Posted to issues@spark.apache.org by "dongxu (JIRA)" <ji...@apache.org> on 2015/04/01 07:16:52 UTC
[jira] [Updated] (SPARK-6644) [SPARK-SQL]when the partition schema
does not match table schema(ADD COLUMN), new column value is NULL
[ https://issues.apache.org/jira/browse/SPARK-6644?page=com.atlassian.jira.plugin.system.issuetabpanels:all-tabpanel ]
dongxu updated SPARK-6644:
--------------------------
Summary: [SPARK-SQL]when the partition schema does not match table schema(ADD COLUMN), new column value is NULL (was: [SPARK-SQL]when the partition schema does not match table schema(ADD COLUMN), new column is NULL)
> [SPARK-SQL]when the partition schema does not match table schema(ADD COLUMN), new column value is NULL
> ------------------------------------------------------------------------------------------------------
>
> Key: SPARK-6644
> URL: https://issues.apache.org/jira/browse/SPARK-6644
> Project: Spark
> Issue Type: Bug
> Components: SQL
> Affects Versions: 1.3.0
> Reporter: dongxu
>
> In hive,the schema of partition may be difference from the table schema.
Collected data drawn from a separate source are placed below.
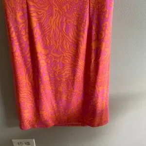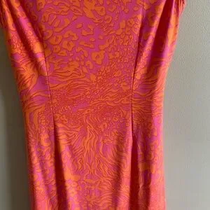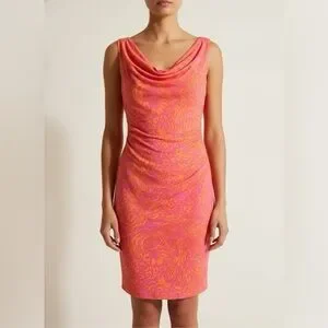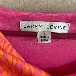 This stunning Larry Levine dress is perfect for any occasion. The pink and orange color combination is eye-catching and the ruched Chittah pattern adds a touch of elegance. The boat neck and sleeveless design make it ideal for a formal event or a cocktail party.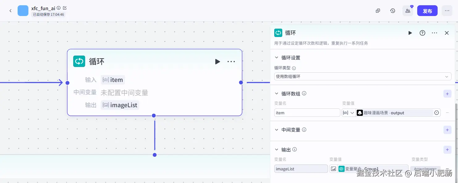 循环: 基于趣味漫画场景( 大模型 ) 会生成场景列表,需要基于循环来处理这个场景列表,在循环中对每个场景进行文生图,图像生成和漫画生成操作。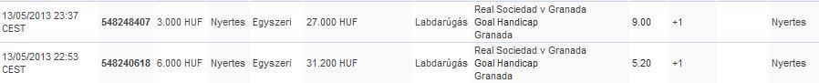 (Játék összesített) 05/14/2013 Egyik sem 1.68 Függőben -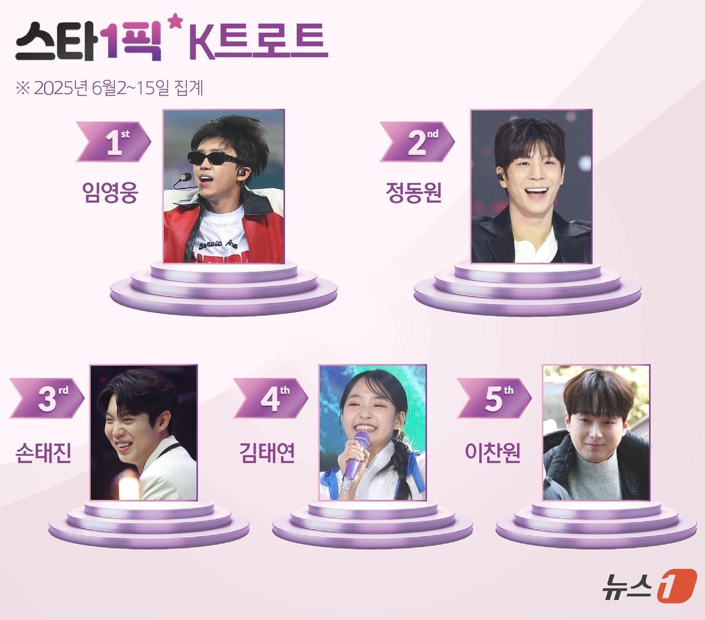 편집자주 ...K팝 아이돌은 어느덧 글로벌 대세로 우뚝 섰습니다. K트로트 가수들 역시 그 어느 때 보다 많은 사랑을 받고 있습니다. 이에 뉴스1은 이들의 생생한 사진, 최신 기사, 화제 동영상을 한 곳에서 만날 수 있는 원스톱 플랫폼 [스타1픽]을 신설했습니다. 뉴스1은 [스타1픽]과 관련해 'K팝 아이돌'과 'K팝 트로트 스타' 중 최근 2주간 가장 많은 관심을 받은 사진의 주인공들을 1~5위까지 소개하는 [스타1픽-K팝] 및 [스타1픽-K트로트] 코너도 마련, 팬들에 최신 정보와 최고의 즐거움을 함께 제공하고자 합니다.

For example, we add new column. When we use spark-sql to query the data of partition which schema is difference from the table schema.
> some problems is solved(https://github.com/apache/spark/pull/4289),
> but if you add a new column,put new data into the old partition,new column value is NULL
> [According to the following steps]:
> case class TestData(key: Int, value: String)
> val testData = TestHive.sparkContext.parallelize(
> (1 to 10).map(i => TestData(i, i.toString))).toDF()
> testData.registerTempTable("testData")
> sql("DROP TABLE IF EXISTS table_with_partition ")
> sql(s"CREATE TABLE IF NOT EXISTS table_with_partition(key int,value string) PARTITIONED by (ds string) location '${tmpDir.toURI.toString}' ")
> sql("INSERT OVERWRITE TABLE table_with_partition partition (ds='1') SELECT key,value FROM testData")
> // add column to table
> sql("ALTER TABLE table_with_partition ADD COLUMNS(key1 string)")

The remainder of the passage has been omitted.